# Exploratory Data Analysis - GitHub repo's issues

In [419]:
import json
import numpy as np
import pandas as pd
import datetime


import warnings
warnings.filterwarnings('ignore')

# # Suppress pandas's warning
# warnings.simplefilter(action='ignore', category=Warning)

## https://stackoverflow.com/questions/20625582/how-to-deal-with-settingwithcopywarning-in-pandas
# pd.options.mode.chained_assignment = None  # default='warn'


## Data requirements

Below is a list of interested data that we will use in the initial analysis
* How long the issues open
* First comment response time
* Number of comments
* Number of participants
* Labels associated with each issue
* Milestone

Later will be done in the later part - Find data for each year where
* Top words in question
* Top words in answers
* Top participants + Type and company

## Cleaning data - High-level data

* Extract only interested columns which are
[
'issue_id',
'title',
'contents',
'authorLogin',
'authorAssociation',
'createdAt',
'closedAt',
'closed',
'comments_count',
'comments_data',
'participants_count',
'labels',
'milestone'
]

* Cast datetime columns to ['createdAt', 'closedAt'] datetime 
* Create a new column 'closedDuration_days' to store a timediff between the columns ['closedAt', 'createdAt'] in days
* Additional columns for comments data
  * Create a new column 'firstCommentCreatedAt' to store a datetime object the first comment is created
  * Create a new column 'firstCommentDuration_days' to store a timediff between the columns 'createdAt' and the creation time of the first comment in days
  * New columns for the first comment author info ['firstCommentAuthor', 'firstCommentAuthorAssociation'] 
  * New columns for total number of unique comment authors based on authorAssociation ['num_unique_comment_author_MEMBER', 'num_unique_comment_author_CONTRIBUTOR', 'num_unique_comment_author_COLLABORATOR', 'num_unique_comment_author_NONE']      
* Extract 'milestone' title and replace the 'milestone' column with this value
* Perform one-hot encoding to the label column

In [445]:
def save_df_to_xlsx(df, xlsx_filename):
    '''
    Save the input dataframe to the specified file path
    
    Note that the xlsx is needed to create visualizations in Tableau
    because it could not properly read the csv data when the contents contain ','
    '''

    writer = pd.ExcelWriter(xlsx_filename,
                engine='xlsxwriter',
                options={'remove_timezone': True})

    df.to_excel(writer, index=False, sheet_name='Sheet1')

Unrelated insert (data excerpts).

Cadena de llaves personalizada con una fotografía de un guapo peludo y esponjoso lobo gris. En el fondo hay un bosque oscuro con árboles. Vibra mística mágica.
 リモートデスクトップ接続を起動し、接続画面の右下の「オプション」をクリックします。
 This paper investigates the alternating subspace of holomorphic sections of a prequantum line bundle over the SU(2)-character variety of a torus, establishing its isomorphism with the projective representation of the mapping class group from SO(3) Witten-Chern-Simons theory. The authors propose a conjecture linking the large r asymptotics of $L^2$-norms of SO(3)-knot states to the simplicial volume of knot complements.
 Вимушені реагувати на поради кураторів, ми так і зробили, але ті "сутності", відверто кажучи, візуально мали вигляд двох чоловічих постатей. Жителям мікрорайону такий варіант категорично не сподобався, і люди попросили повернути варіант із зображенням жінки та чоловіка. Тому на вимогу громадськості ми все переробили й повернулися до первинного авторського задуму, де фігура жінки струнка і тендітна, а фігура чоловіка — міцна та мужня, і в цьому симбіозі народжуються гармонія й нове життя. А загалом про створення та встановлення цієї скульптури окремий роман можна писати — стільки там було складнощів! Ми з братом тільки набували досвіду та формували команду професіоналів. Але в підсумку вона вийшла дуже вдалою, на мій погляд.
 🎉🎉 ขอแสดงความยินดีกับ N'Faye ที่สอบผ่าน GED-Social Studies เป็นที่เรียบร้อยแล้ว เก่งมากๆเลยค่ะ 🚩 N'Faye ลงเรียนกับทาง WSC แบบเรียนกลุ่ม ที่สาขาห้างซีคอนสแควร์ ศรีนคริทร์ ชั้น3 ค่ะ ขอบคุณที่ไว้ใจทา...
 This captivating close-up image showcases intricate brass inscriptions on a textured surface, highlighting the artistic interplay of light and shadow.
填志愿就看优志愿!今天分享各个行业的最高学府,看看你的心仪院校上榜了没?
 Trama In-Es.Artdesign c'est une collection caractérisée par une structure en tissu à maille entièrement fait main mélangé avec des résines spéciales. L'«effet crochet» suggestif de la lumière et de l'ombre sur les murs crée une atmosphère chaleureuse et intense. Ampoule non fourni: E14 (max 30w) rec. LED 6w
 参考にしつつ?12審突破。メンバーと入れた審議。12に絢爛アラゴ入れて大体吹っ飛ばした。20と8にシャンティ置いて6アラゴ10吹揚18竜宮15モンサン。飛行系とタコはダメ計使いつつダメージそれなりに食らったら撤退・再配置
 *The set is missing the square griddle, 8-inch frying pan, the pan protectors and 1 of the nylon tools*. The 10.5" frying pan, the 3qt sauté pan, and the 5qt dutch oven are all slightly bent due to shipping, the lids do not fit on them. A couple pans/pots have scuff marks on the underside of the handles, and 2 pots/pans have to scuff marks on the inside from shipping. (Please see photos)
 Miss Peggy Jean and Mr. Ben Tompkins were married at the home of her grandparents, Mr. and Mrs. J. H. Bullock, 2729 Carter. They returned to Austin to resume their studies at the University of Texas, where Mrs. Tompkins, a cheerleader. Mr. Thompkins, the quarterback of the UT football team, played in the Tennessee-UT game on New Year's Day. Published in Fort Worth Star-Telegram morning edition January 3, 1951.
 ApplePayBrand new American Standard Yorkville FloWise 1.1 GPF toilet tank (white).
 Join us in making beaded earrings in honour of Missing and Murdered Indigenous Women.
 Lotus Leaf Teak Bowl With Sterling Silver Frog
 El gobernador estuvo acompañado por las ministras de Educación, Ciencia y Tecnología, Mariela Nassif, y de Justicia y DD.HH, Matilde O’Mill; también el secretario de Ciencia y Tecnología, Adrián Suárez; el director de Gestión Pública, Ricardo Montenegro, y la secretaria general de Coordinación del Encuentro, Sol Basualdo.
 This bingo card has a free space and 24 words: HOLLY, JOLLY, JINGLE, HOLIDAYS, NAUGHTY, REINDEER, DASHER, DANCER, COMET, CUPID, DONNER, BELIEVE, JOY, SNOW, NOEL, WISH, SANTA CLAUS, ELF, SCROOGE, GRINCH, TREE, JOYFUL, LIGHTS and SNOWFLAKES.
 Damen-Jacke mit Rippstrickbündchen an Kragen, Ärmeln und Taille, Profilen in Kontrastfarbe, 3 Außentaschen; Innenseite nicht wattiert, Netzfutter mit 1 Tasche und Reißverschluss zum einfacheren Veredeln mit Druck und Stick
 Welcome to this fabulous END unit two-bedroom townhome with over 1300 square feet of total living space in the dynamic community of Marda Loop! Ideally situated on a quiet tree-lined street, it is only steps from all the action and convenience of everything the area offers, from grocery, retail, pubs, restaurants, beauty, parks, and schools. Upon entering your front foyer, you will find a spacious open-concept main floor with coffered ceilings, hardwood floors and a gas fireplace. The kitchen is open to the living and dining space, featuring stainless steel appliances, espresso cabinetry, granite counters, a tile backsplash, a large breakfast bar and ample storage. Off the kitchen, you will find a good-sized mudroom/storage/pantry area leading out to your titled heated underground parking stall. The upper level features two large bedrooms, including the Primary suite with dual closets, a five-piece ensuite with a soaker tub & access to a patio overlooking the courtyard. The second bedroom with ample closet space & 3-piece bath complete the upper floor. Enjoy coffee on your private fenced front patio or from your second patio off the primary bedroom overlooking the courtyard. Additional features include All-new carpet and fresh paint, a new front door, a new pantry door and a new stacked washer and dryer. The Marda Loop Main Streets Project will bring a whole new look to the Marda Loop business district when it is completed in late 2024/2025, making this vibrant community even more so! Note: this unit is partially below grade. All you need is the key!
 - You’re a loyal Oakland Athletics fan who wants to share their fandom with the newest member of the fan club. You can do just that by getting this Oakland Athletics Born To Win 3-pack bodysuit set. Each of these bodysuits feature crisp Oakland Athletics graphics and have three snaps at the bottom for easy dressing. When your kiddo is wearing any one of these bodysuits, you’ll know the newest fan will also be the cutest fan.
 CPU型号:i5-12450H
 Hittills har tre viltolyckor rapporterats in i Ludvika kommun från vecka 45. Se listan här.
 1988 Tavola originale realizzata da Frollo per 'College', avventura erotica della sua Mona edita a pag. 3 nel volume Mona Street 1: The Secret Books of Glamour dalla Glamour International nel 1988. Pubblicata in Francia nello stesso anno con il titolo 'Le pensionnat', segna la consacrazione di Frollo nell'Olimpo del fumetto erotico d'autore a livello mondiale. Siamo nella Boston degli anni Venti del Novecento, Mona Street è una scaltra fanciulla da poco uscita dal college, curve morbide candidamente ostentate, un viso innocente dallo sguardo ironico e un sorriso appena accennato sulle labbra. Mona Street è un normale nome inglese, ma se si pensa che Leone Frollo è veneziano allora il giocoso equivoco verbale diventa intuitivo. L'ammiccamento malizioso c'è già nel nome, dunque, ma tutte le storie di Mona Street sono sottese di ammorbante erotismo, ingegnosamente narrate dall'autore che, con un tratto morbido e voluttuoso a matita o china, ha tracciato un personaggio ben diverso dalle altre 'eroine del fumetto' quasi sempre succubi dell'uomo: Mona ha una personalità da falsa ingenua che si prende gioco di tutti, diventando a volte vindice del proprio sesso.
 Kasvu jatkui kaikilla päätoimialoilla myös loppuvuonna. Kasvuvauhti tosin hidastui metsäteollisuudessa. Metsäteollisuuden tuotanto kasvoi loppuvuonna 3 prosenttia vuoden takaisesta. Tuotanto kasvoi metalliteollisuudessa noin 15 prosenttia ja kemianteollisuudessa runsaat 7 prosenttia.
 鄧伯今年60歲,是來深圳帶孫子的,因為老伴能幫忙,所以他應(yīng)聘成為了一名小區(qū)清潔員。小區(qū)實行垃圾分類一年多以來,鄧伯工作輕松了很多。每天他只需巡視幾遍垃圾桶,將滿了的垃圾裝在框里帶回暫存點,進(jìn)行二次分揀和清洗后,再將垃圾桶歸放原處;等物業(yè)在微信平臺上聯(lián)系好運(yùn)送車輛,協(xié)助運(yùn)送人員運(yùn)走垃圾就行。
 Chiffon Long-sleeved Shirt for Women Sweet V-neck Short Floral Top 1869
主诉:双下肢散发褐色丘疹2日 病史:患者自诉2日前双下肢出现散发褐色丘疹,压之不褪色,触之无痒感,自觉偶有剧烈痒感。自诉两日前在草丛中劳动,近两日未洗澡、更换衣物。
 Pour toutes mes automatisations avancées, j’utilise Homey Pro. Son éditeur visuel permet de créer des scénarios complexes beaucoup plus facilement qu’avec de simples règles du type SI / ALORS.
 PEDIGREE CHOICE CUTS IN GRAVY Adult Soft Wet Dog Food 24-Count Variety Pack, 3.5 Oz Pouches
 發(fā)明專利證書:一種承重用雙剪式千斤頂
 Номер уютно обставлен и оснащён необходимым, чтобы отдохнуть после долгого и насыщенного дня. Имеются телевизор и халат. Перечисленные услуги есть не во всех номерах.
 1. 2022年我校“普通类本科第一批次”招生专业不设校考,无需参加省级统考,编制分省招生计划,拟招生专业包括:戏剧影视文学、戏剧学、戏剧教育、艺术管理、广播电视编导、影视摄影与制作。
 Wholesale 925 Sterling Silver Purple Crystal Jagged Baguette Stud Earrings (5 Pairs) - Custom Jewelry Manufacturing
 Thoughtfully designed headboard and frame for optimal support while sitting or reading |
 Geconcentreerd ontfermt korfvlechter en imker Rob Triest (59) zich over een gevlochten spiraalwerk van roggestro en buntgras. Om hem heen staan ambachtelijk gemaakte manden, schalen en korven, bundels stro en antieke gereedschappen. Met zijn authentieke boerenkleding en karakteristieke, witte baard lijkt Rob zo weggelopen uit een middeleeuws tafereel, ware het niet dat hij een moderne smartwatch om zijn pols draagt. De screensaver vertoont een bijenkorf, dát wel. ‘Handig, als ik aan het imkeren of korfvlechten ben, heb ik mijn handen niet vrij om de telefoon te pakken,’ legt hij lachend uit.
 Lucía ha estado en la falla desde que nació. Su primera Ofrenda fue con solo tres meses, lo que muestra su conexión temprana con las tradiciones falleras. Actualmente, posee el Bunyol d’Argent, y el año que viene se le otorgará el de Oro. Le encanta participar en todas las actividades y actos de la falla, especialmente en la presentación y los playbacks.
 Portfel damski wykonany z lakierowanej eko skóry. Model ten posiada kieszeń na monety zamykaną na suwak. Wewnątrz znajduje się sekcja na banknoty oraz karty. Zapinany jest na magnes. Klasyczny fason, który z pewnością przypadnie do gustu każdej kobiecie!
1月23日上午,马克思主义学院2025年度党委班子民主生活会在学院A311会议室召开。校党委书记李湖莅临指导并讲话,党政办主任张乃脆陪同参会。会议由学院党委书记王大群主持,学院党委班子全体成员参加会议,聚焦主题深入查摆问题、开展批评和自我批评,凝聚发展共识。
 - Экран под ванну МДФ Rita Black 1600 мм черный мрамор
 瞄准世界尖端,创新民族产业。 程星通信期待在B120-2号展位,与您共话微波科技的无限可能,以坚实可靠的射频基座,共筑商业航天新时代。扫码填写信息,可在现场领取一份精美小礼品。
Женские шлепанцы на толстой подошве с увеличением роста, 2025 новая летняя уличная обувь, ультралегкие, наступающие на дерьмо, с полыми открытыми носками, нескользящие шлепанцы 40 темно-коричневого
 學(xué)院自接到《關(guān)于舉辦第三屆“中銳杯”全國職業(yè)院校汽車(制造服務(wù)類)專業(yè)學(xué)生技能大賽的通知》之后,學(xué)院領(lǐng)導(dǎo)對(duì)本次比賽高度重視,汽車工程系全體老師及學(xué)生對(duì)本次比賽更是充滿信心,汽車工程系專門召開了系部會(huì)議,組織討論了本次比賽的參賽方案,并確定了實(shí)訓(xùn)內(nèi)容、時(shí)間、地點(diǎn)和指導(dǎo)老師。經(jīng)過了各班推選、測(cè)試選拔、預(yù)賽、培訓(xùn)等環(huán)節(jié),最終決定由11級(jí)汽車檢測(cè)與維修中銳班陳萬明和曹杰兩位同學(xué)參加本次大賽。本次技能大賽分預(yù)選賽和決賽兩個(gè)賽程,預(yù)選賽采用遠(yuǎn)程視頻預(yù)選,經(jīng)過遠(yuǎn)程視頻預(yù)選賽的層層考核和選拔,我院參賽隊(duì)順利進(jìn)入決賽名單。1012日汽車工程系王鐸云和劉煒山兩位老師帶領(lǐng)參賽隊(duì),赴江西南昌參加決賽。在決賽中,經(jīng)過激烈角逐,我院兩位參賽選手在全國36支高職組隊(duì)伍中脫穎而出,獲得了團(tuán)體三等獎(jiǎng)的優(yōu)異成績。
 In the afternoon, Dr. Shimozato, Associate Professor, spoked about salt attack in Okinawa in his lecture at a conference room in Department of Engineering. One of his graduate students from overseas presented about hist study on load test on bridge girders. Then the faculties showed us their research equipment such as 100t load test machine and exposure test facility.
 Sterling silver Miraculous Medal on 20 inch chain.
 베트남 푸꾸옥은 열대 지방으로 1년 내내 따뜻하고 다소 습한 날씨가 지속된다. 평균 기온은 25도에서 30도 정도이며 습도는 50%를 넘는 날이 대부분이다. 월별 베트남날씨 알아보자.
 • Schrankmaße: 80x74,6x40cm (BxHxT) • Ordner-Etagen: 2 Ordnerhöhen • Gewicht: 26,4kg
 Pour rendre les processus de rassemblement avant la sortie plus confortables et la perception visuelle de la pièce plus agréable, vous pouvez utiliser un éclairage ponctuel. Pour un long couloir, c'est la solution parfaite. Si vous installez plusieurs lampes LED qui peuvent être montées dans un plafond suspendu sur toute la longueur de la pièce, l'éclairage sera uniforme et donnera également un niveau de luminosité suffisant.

    workbook  = writer.book
    worksheet = writer.sheets['Sheet1']

    writer.save()

In [420]:
def get_comment_info_columns(row):
    '''
    Function to extract data from a dataframe's row that will be used in the function 'create_highlevel_df'
    
    Input argument:
        row: A row of data frame containing github issue info
        
    Output argument:
        a list containing the following information
            [
                'firstCommentCreatedAt', 
                'firstCommentAuthor', 
                'firstCommentAuthorAssociation',
                'num_unique_comment_author_MEMBER',
                'num_unique_comment_author_CONTRIBUTOR',
                'num_unique_comment_author_COLLABORATOR',
                'num_unique_comment_author_NONE'
            ]
        
    '''
    
    # If the comments_count is greater than 0
    if row['comments_count'] > 0:
        
        # --- Extract data for 'firstCommentCreatedAt', 'firstCommentAuthor', 'firstCommentAuthorAssociation'
        
        out = [
            row['comments_data'][0]['createdAt'],
            row['comments_data'][0]['authorLogin'], 
            row['comments_data'][0]['authorAssociation']
        ]
        
        # --- Extract data for 'num_unique_comment_*'
        # We need to extract data from the 'comments_data' column
        
        # Get a list of all comment authors first
        list_comment_authors = []
        for cur_comment in row['comments_data']:
            cur_author = {
                'login': cur_comment['authorLogin'],
                'association': cur_comment['authorAssociation']
            }
            list_comment_authors.append(cur_author)
            
        unique_comment_authors = [dict(y) for y in set(tuple(x.items()) for x in list_comment_authors)]
        
        # Then, get count for each type
        dict_author_assoc = {
            'MEMBER': 0,
            'CONTRIBUTOR': 0,
            'COLLABORATOR': 0,
            'NONE': 0
        }
        
        for cur_comment_author in unique_comment_authors:
            cur_assoc = cur_comment_author['association']
            dict_author_assoc[cur_assoc] += 1
            
        # Append data to the output list
        out = out + [
            dict_author_assoc['MEMBER'],
            dict_author_assoc['CONTRIBUTOR'],
            dict_author_assoc['COLLABORATOR'],
            dict_author_assoc['NONE']
        ]
    else:
        # Otherwise, output a default output list
        out = [None, None, None, 0, 0, 0, 0]

        
    return out

In [421]:
def create_highlevel_df(json_path):
    '''
    Extract github issues data from the specified path and output an extracted summary data as a new dataframe
    '''
    
    # Load json data and create dataframe
    with open(json_path) as json_file:  
        data_raw = json.load(json_file)

    df_raw = pd.DataFrame.from_dict(data_raw)
    
    # Let's get only columns that we need for the analysis now
    new_cols = [
        'issue_id',
        'title',
        'contents',
        'authorLogin',
        'authorAssociation',
        'createdAt',
        'closedAt',
        'closed',
        'comments_count',
        'participants_count',
        'comments_data',
        'labels',
        'milestone'
     ]
    
    df_out = df_raw[new_cols]
    
    # --- Cast columns to datetime
    df_out[['createdAt', 'closedAt']] = df_out[['createdAt', 'closedAt']].apply(pd.to_datetime)
    
    # --- Find closedDuration_days
    get_diff_days = lambda s: (s.dt.total_seconds() / (24 * 60 * 60)).round(2)
#     df_out['closedDuration_days'] = ((df_out['closedAt'] - df_out['createdAt']).dt.total_seconds() / (24 * 60 * 60)).round(2)
    df_out['closedDuration_days'] = get_diff_days(df_out['closedAt'] - df_out['createdAt'])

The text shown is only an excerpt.